歴史をふまえ、英語教育の現在と未来を考えるブログです。

京都・舞鶴高専でFD講演会

12月6日、京都の国立舞鶴工業高等専門学校のFD講演会に招かれ、「学生の学びを活性化する協同学習のすすめ」というタイトルでお話しさせていただきました。

僕自身、栃木県の小山高専機械工学科の卒業生であり、三重県鈴鹿高専では英語教師として5年半お世話になりました。両方を足すと、人生の2割以上が「高専」に関わったことになります。

ですので、とても楽しく、どこかなつかしく、舞鶴を訪れました。

お話しした内容は、以下の3点です。

1. 和歌山大学におけるFD活動の紹介

2. 中学・高校(高専)生の英語学力の危機的状況

3. 協同学習による学びの再生のすすめ

僕自身、FD委員長として授業改善の取り組みの旗を振ってきましたから、1のように和歌山大での経験をお話ししたわけです。
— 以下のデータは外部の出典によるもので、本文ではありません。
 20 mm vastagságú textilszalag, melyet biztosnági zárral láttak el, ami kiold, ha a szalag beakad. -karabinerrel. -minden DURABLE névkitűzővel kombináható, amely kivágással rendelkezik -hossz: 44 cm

2.では、この10年間の新自由主義的な教育政策と、財界主導の会話重視政策のもとで、中学・高校生の英語学力がどれほど危機的な状況に陥ってしまったかを実証的にお話ししました。
このブログでも、何度か取り上げてきたことです。

それをふまえ、メインの3.の話をしました。

スピーチでは言葉を押さえましたが、私は競争主義的で、格差を拡大してしまった新自由主義政策による教育破壊を是正する方法として、協同学習を位置づけています。
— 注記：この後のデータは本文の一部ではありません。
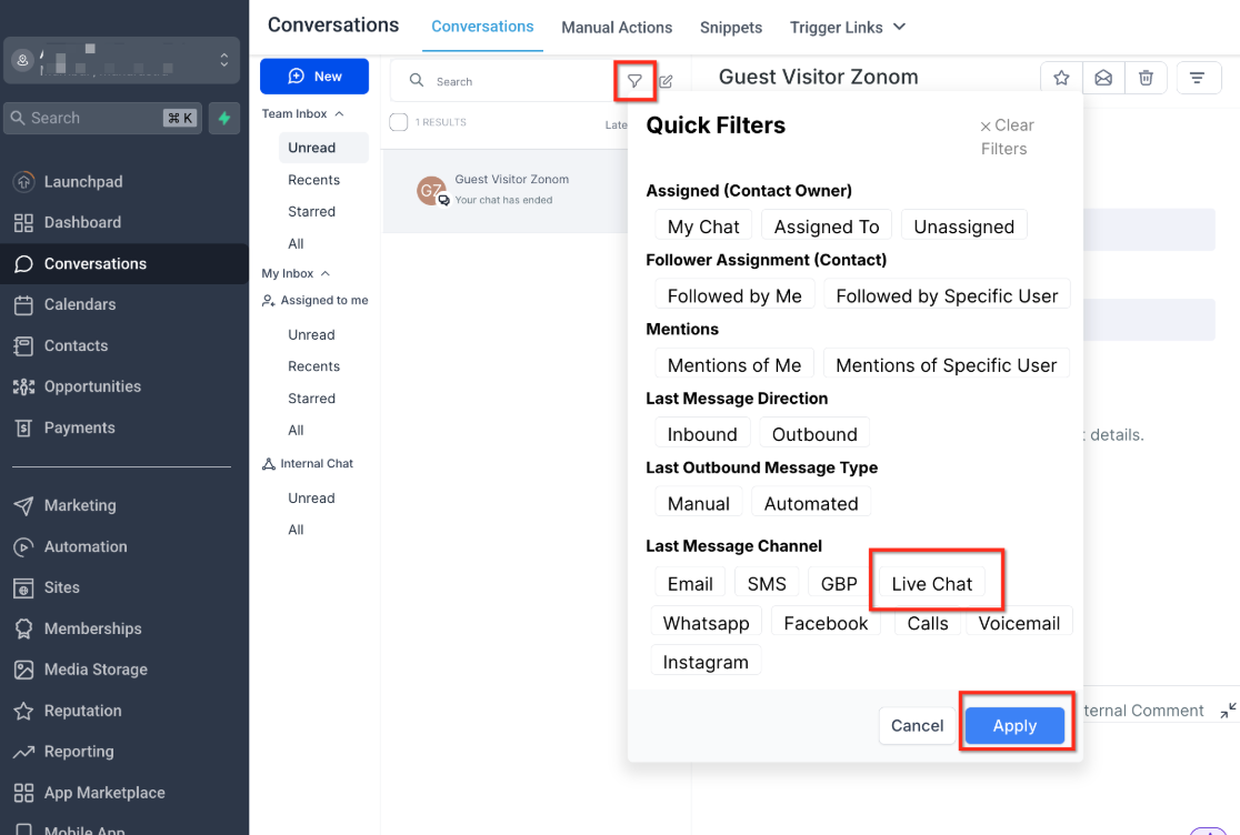 Q. Is it possible to filter and view only Live Chat conversations inside the Conversations section?

一握りのエリートだけを伸ばし、大多数を切り捨てる現行の政策ではなく、全員を伸ばし、良好な人間関係を築きながらお互いを高め合う協同的な学びこそが、戦後民主主義教育の理念を体現するものであり、PISAに代表される新たな学力観にも合致すると確信するからです。

幸い、質疑応答では次々に手が上がり、舞鶴の地で協同学習をめぐって活発な議論が展開されました。
少しでも授業改善に寄与できれば幸いです。

来年3月には、私のふる里、埼玉県熊谷市で協同学習に関するお話しをする機会を与えられました。

仲間と学び合うことの楽しさを、全国に広げたいと思っています。